» **YOUR GOAL**
Only the lines from the one holding "A zsűri a szünetben" through the end of the material are to be repeated, exactly and without pictures.

» **INFORMATION SUPPLIED**
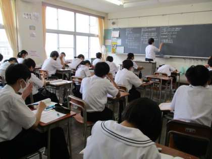 2年生の授業の様子を紹介します。 【写真上:数学】 【写真中:英語】 【写真下:理科】
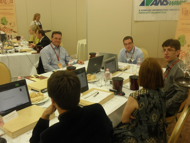 A zsűri a szünetben (Vinagora Nemzetközi Borverseny, 2011, Pécs), Szemben Tóth Adrienn, mellette Főrhénci Horváth Gyula, tőle balra Roberto Zironi. Mögöttük Dr.Zilai Zoltán, Dr.Kerényi Zoltán és Dr.Kállay Miklós
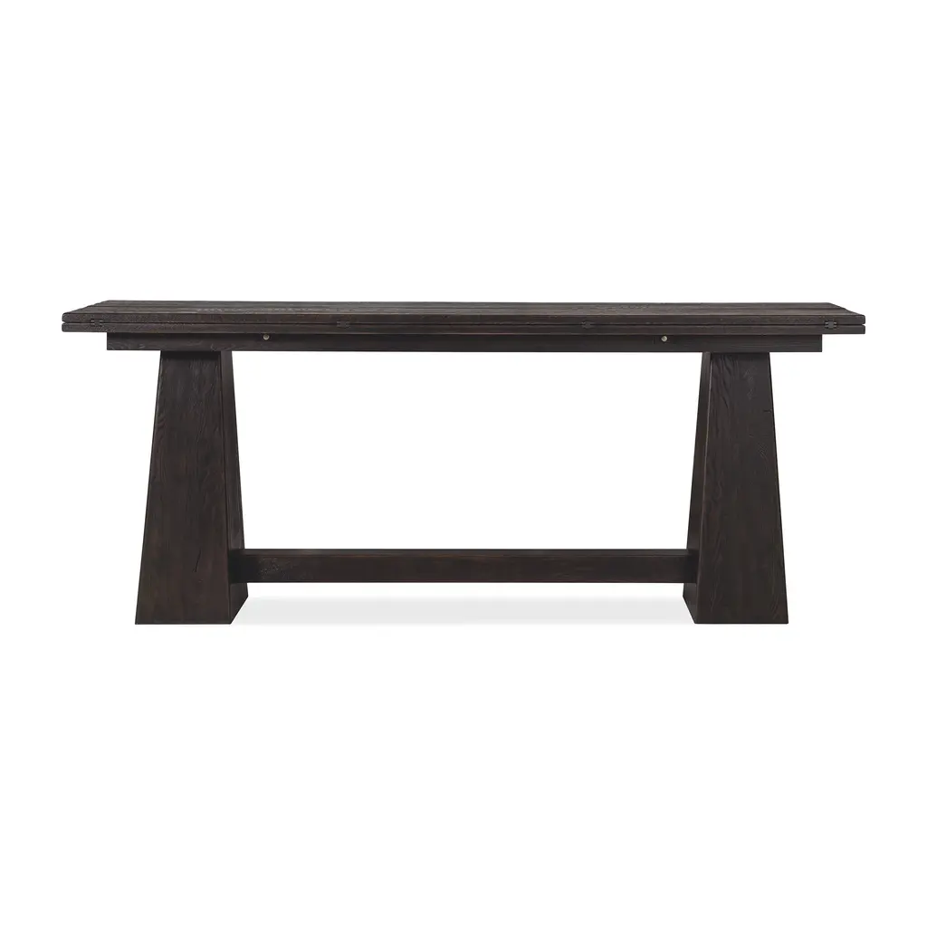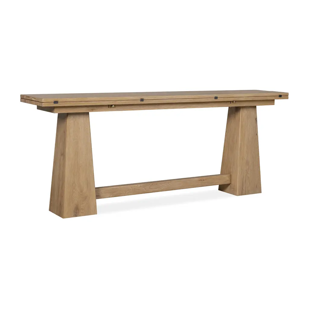 A clever and highly versatile piece for modern living, the Driftwood Flip-Top Console Table from Hooker Furniture is a master of transformation. Timeworn finish, its narrow rectangular shape is perfect for an entryway or behind a sofa. When it's time to entertain, the innovative flip-top doubles the surface area, creating a generous space for serving or intimate dining. Supported by a sturdy double pedestal base, it’s a brilliant fusion of form and multi-purpose function. Highlights:

» **RESULT**
 A zsűri a szünetben (Vinagora Nemzetközi Borverseny, 2011, Pécs), Szemben Tóth Adrienn, mellette Főrhénci Horváth Gyula, tőle balra Roberto Zironi. Mögöttük Dr.Zilai Zoltán, Dr.Kerényi Zoltán és Dr.Kállay Miklós
 A clever and highly versatile piece for modern living, the Driftwood Flip-Top Console Table from Hooker Furniture is a master of transformation. Timeworn finish, its narrow rectangular shape is perfect for an entryway or behind a sofa. When it's time to entertain, the innovative flip-top doubles the surface area, creating a generous space for serving or intimate dining. Supported by a sturdy double pedestal base, it’s a brilliant fusion of form and multi-purpose function. Highlights:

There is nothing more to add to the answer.